What the task asks
What's needed is an exact copy of all the data below, without pictures.

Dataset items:
┌──
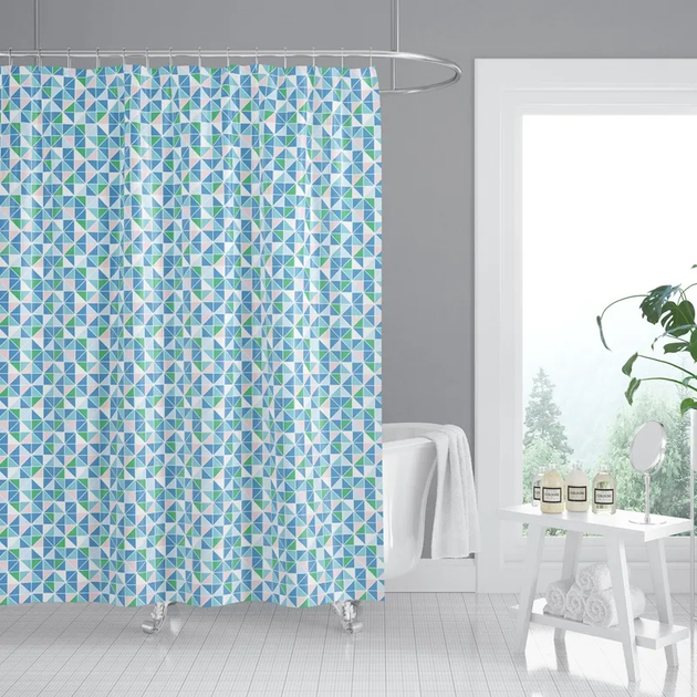 Штора для ванної з поліестеру Zerix SCT-008-180x200 (Візерунок зелено-синій) (ZX4986)
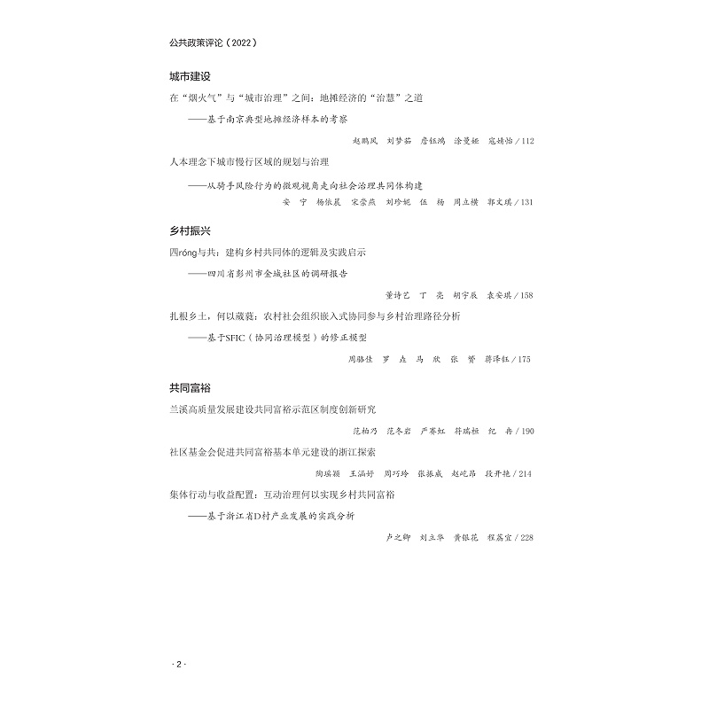 《公共政策评论》是浙江省公共政策研究院、浙江大学公共政策研究院不定期汇编出版的一种探讨公共政策理论与实践的学术文集,致力于为所有有志于国内外公共政策研究的人士构建平等的高层次学术交流平台。本文集以当今国内外公共政策重大理论与实践问题为研究和讨论核心,追求科学性和学术性,研讨理论,注重实践。以“经世致用,天下为公”为宗旨,聚焦国内外经济、社会等公共政策领域的前沿问题研究。《公共政策评论(2022)》对2022年国内外公共政策、政府治理、社会治理、经济发展,以及国际关系等问题进行了研究。
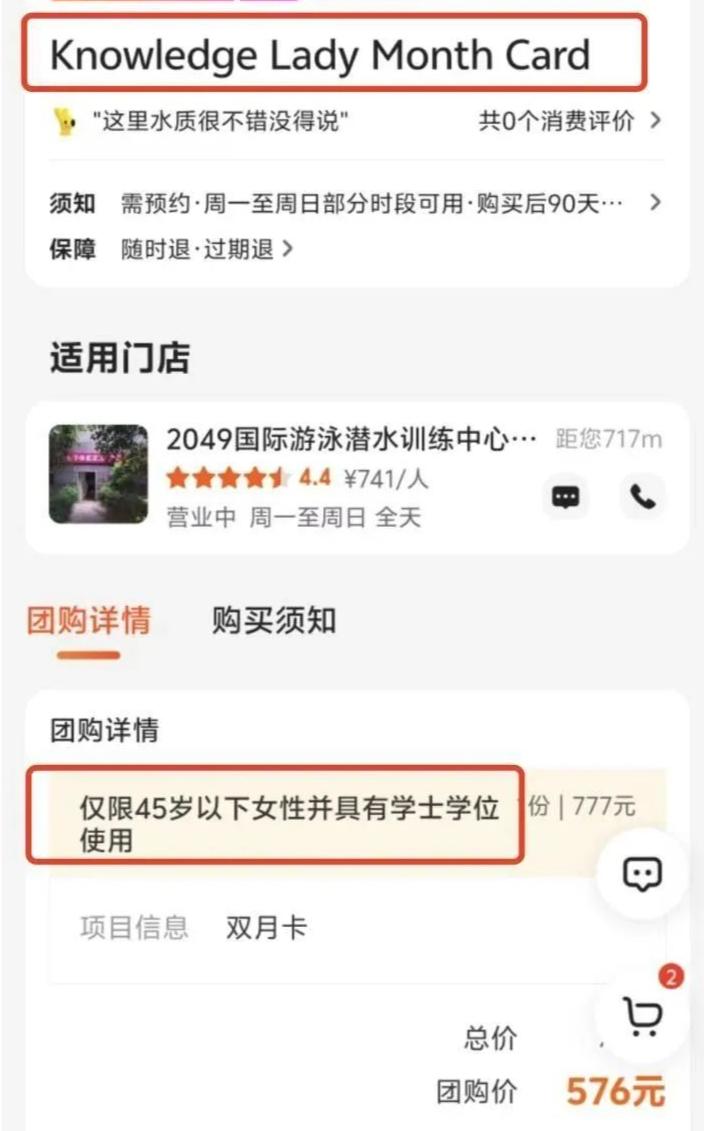 团购卡仅限“45岁以下有学位女性”?江苏一游泳池回应→
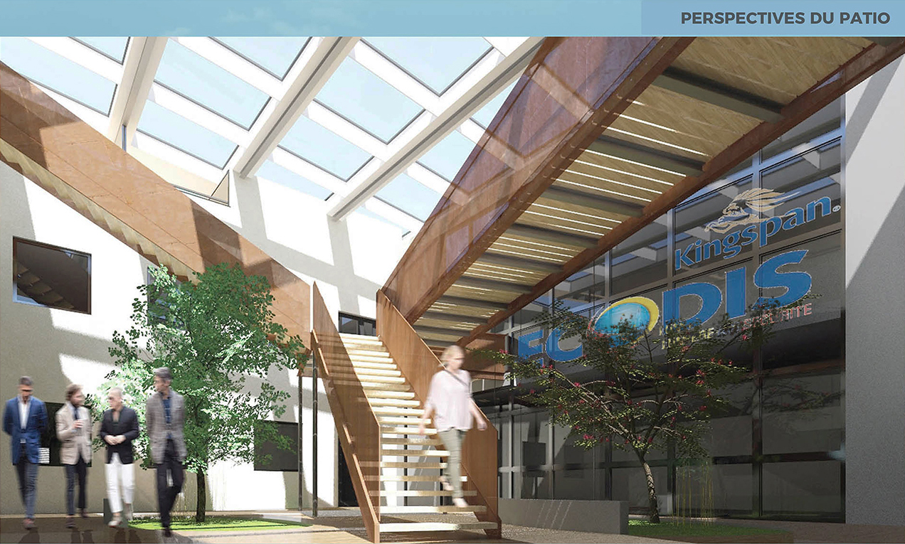 Ce projet allie modernité, fonctionnalité et engagement environnemental en mettant en avant les valeurs et le savoir-faire d’ECODIS KINGSPAN. L’optimisation des espaces, la mise en scène des matériaux et l’intégration d’éléments paysagers participent à la création d’un siège innovant, pensé pour le bien-être des utilisateurs et en parfaite harmonie avec l’image de l’entreprise.
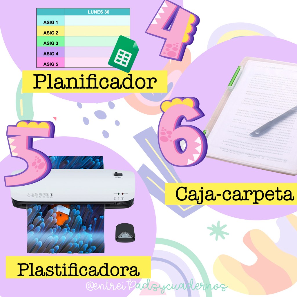 5️⃣ Plastificadora. Para aquellos materiales que voy creando y que quiero conservar a lo largo de los cursos. No son muchos pero si tengo que depender de la plastificadora del centro, vamos listos…
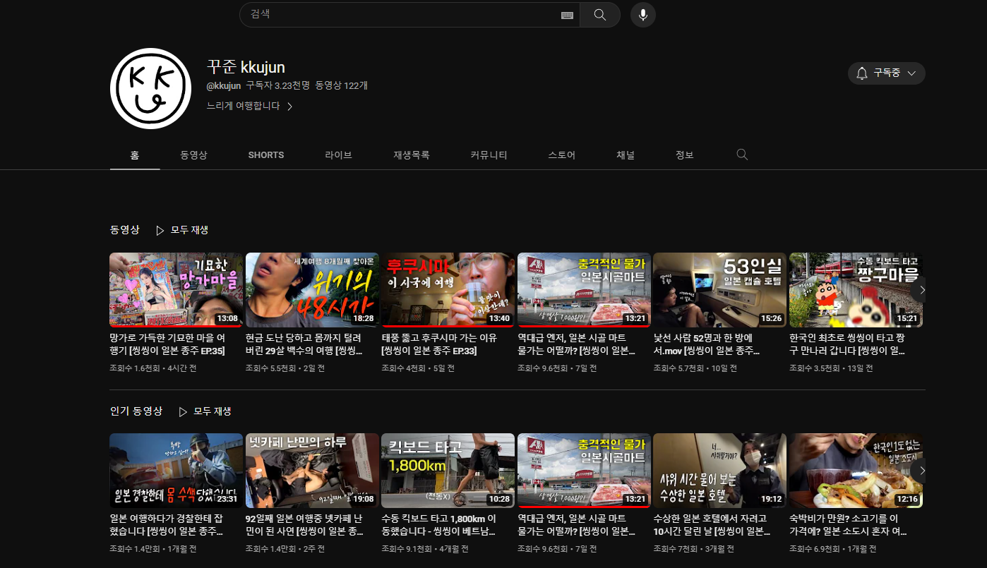 지금은 일본에서 킥보드 여행중이신데 , 일본 관련 영상 보다가 추천 된거 같다.
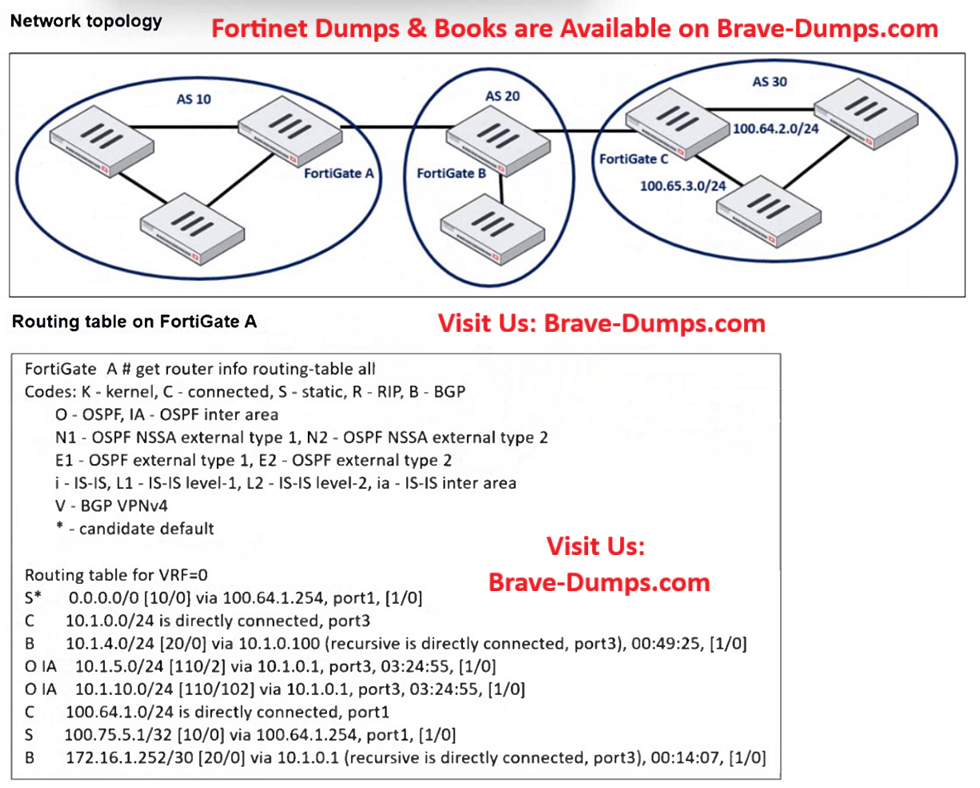 D -> to redistribute routes on FortiGate_B learned from FortiGate_C (via BGP peering between FortiGate_B and FortiGate_C) to FortiGate_A (via BGP peering between FortiGate_A and FortiGate_B), also doesn't restrict it to only 100.64.2.0/24 as requested, so it's wrong
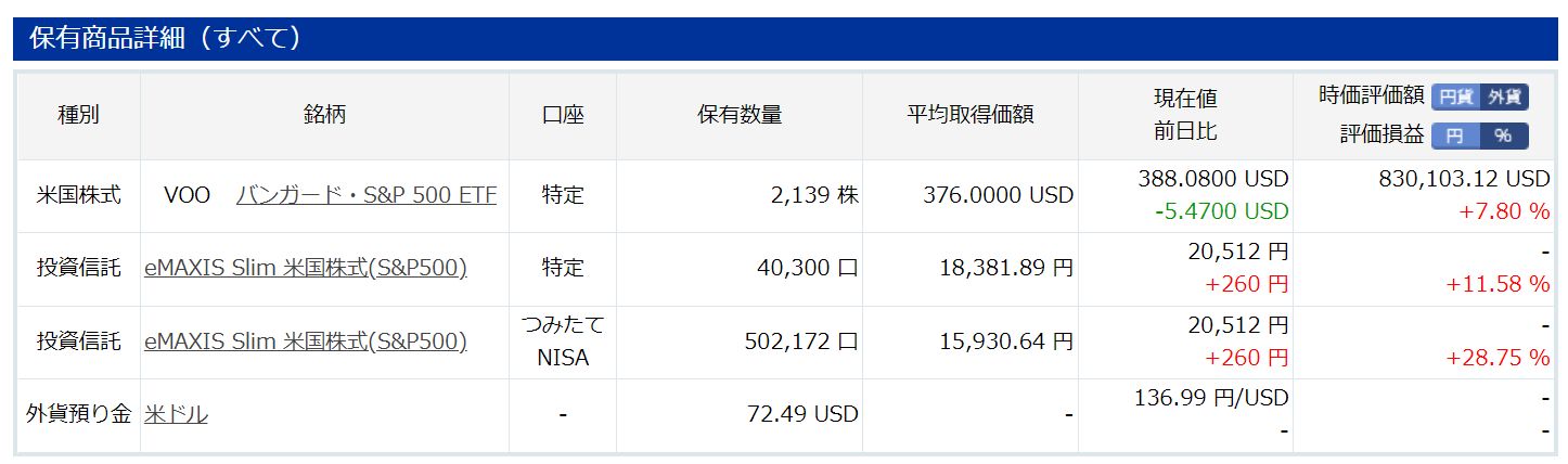 ⑧予想VOO配当:2,139株 x USD 1.30/Q x 4Q x (1-20.315%) = 税後USD 8,863/year, x @130 = 税後1,152,216円/year
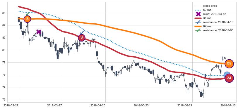 下跌趋势2018-02-27-2018-07-13,均线89, 34确认关键阻力2处
└──
Finished task
 Штора для ванної з поліестеру Zerix SCT-008-180x200 (Візерунок зелено-синій) (ZX4986)
 《公共政策评论》是浙江省公共政策研究院、浙江大学公共政策研究院不定期汇编出版的一种探讨公共政策理论与实践的学术文集,致力于为所有有志于国内外公共政策研究的人士构建平等的高层次学术交流平台。本文集以当今国内外公共政策重大理论与实践问题为研究和讨论核心,追求科学性和学术性,研讨理论,注重实践。以“经世致用,天下为公”为宗旨,聚焦国内外经济、社会等公共政策领域的前沿问题研究。《公共政策评论(2022)》对2022年国内外公共政策、政府治理、社会治理、经济发展,以及国际关系等问题进行了研究。
 团购卡仅限“45岁以下有学位女性”?江苏一游泳池回应→
 Ce projet allie modernité, fonctionnalité et engagement environnemental en mettant en avant les valeurs et le savoir-faire d’ECODIS KINGSPAN. L’optimisation des espaces, la mise en scène des matériaux et l’intégration d’éléments paysagers participent à la création d’un siège innovant, pensé pour le bien-être des utilisateurs et en parfaite harmonie avec l’image de l’entreprise.
 5️⃣ Plastificadora. Para aquellos materiales que voy creando y que quiero conservar a lo largo de los cursos. No son muchos pero si tengo que depender de la plastificadora del centro, vamos listos…
 지금은 일본에서 킥보드 여행중이신데 , 일본 관련 영상 보다가 추천 된거 같다.
 D -> to redistribute routes on FortiGate_B learned from FortiGate_C (via BGP peering between FortiGate_B and FortiGate_C) to FortiGate_A (via BGP peering between FortiGate_A and FortiGate_B), also doesn't restrict it to only 100.64.2.0/24 as requested, so it's wrong
 ⑧予想VOO配当:2,139株 x USD 1.30/Q x 4Q x (1-20.315%) = 税後USD 8,863/year, x @130 = 税後1,152,216円/year
 下跌趋势2018-02-27-2018-07-13,均线89, 34确认关键阻力2处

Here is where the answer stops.